The savings in source lines is bigger than the savings in instructions, because _mm256_extractf128_ps(sumabcd, 0); compiles to zero instructions: it's just a cast. No compiler should ever emit vextractf128 with an imm8 other than 1. (vmovdqa xmm/m128, xmm is always better for getting the low lane). Nice job Intel on wasting an instruction byte on future-proofing that you couldn't use because plain VEX prefixes don't have room to encode longer vectors.

The two vaddps xmm instructions could run in parallel, so using a single vaddps ymm is mostly just a throughput (and code size) gain, not latency.

We do shave off 3 cycles from completely eliminating the final vinsertf128, though.

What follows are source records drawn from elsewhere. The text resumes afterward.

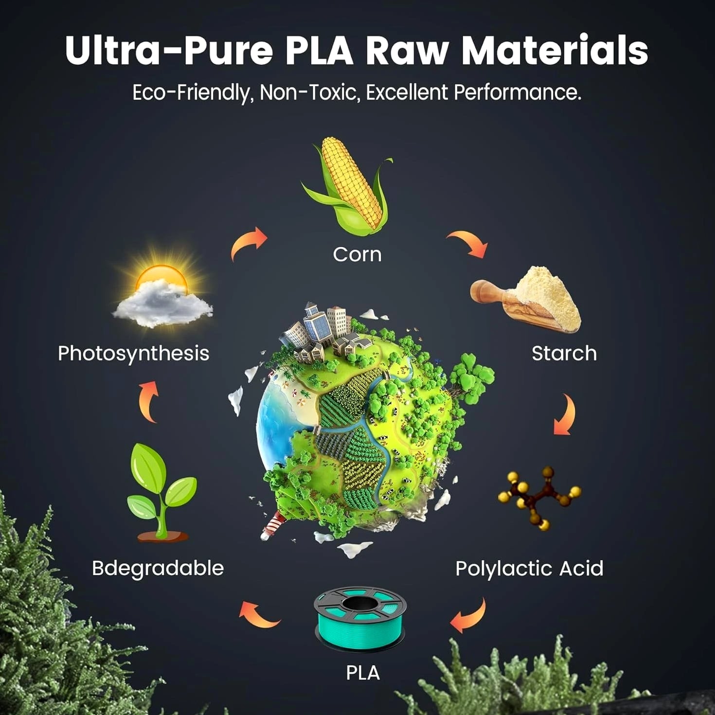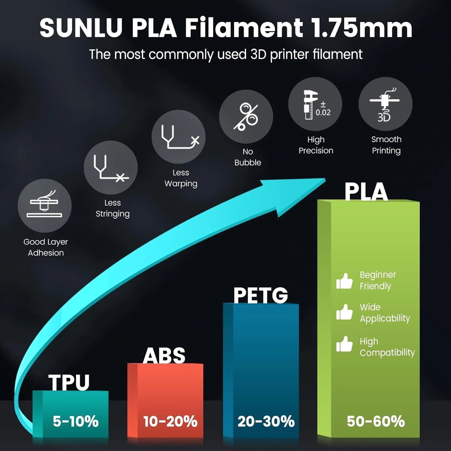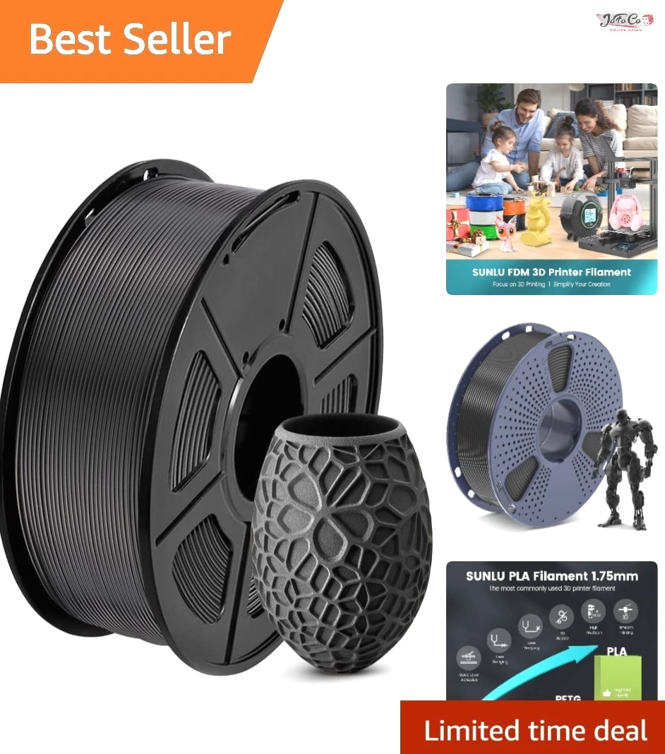 Versatile 1.75mm Black PLA Filament - Premium Printing with No Clogs or Bubbles Versatile 1.75mm Black PLA Filament Experience superior performance in 3D printing with our user-friendly PLA filament, designed to deliver unmatched reliability and versatility. Features: Reliable Material: Perfect for both 3D printing enthusiasts and beginners, ensuring no clogs, bubbles, or tangles. Superior Layer Adhesion: Guarantees high-quality prints with excellent detail and finish every time. Neatly Wound Spool: The self-developed winding technology ensures a 100% neat rate, significantly reducing the risk of tangles and jams. Dimensional Accuracy: With precision of +/- 0.02mm, it's compatible with nearly all 1.75mm FDM 3D printers. Perfect for Your Printer: Spool Diameter: 8.00", Spool Width: 2.50", Spool Hub Hole Diameter: 2.20" for easy compatibility. Recommended Settings: For optimal results, print at a nozzle temperature of 200-230°C and a bed temperature of 50-65°C with speeds of 50-100mm/s. Why Choose Our PLA Filament? Unlock your creativity with our high-quality black PLA filament, crafted to serve both novice and advanced users. Combine reliability and ease of use for your 3D projects. Never worry about clogs or jams again with our expertly wound spool, allowing for a seamless printing experience. From intricate designs to practical applications, our PLA filament is your key to achieving flawless 3D creations. Join successful 3D printing enthusiasts with our versatile PLA filament. Explore More with SANLU: Our line of 3D printing products includes filaments, dryers, printers, pens, and accessories tailored to ensure your crafting experience is nothing short of exceptional. Order your Versatile 1.75mm Black PLA Filament today and elevate your 3D printing results! Shipping Free & Fast Shipping - We offer complimentary shipping to most of the USA with a standard delivery time of 3-7 days. However, due to current circumstances, additional delivery time (up to 3 weeks) may be required for some items
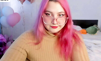 Chubby bunny girl plays with her cock-squeezing fat pussy
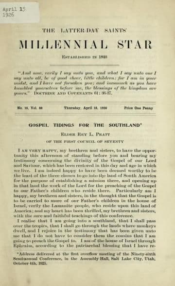 Pratt, who has been called to conduct missionary work in “the southland,” quotes 2 Nephi 1:1-11, 1 Nephi 13, 2 Nephi 30, and 3 Nephi 21 that speak of the fall, final gathering, and redemption of the Lamanites.

vhaddps is 3 uops, 5c latency, and one per 2c throughput. (6c latency on Skylake). Two of those three uops run on the shuffle port. I guess it's basically doing 2x shufps to generate operands for addps.

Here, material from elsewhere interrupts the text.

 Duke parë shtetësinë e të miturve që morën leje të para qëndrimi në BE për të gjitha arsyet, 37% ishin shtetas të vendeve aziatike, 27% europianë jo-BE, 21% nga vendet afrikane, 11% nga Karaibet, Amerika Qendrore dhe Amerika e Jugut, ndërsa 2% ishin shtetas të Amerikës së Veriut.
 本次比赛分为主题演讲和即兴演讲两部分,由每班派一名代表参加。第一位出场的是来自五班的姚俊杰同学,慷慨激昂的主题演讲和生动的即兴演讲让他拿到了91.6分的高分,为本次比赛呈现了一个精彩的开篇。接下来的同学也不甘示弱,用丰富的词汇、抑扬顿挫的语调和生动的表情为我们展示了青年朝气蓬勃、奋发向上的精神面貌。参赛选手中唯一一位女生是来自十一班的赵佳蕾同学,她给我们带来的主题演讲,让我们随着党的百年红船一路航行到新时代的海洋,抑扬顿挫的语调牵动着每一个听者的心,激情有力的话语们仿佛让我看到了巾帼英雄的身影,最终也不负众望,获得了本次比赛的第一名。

If we can emulate haddps (or at least get a horizontal operation we can use) with a single shufps/addps or something, we'd come out ahead. Unfortunately, I don't see how. A single shuffle can only produce one result with data from two vectors, but we need both inputs to vertical addps to have data from both vectors.

I don't think doing the horizontal sum another way looks promising. Normally, hadd is not a good choice, because the common horizontal-sum use-case only cares about one element of its output. That's not the case here: every element of every hadd result is actually used.